Have tried a few but never found one I liked. Must be something out there. Thinking about a cut down tankers style like I had in the Army while on the M578. Little big for a smaller gun then a 1911 I was issued.

Spent a lot of money on other holsters that didn't work so I thought I'd ask.


----------



## HochwaldJager (Aug 31, 2017)

Chipper said:


> Looking for a good way to carry while on motorcycle or while driving. Ankle, pocket or IWB isn't working out. Thought it would be handy to be able to reach under my left arm and draw while holding a clutch in on bike. Also easier while driving car.
> 
> Have tried a few but never found one I liked. Must be something out there. Thinking about a cut down tankers style like I had in the Army while on the M578. Little big for a smaller gun then a 1911 I was issued.
> 
> Spent a lot of money on other holsters that didn't work so I thought I'd ask.

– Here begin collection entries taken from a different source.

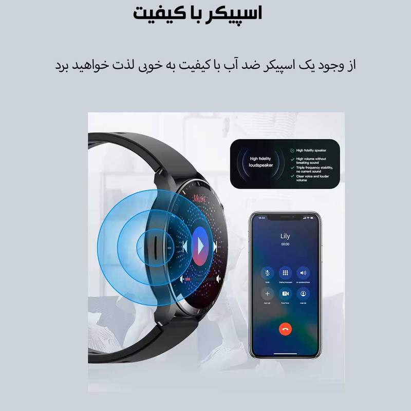 صفحه نمایش رنگی , صفحه نمایش لمسی , کنترل موسیقی (Music Player) , قابلیت مکالمه از طریق بلوتوث , قابلیت تغییر طرح ساعت یا تم , کنترل سطح اکسیژن خون
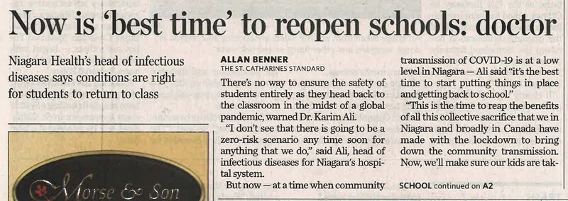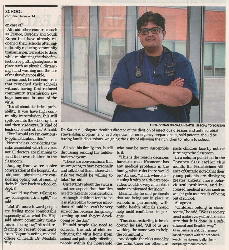 - Ali, Karim Dr. / COVID-19 pandemic / infectious disease / school / Niagara Health
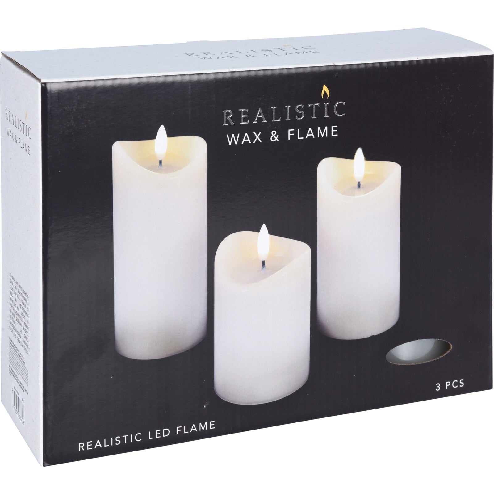 LED bloklys i tre forskellige størrelser med realistisk flakkende flamme.

Chipper: This might help. Without knowing how/what you ride or the clothes you wear here's my option. I ride a Victory Gunner without very many layers and I wear a G19 or a G22 and have found that wearing rear right with a slight angle on my holster is comfortable and quick. I can squeeze the clutch and skin kydex with my right. Here's an example but mines custom made to fit my body stature.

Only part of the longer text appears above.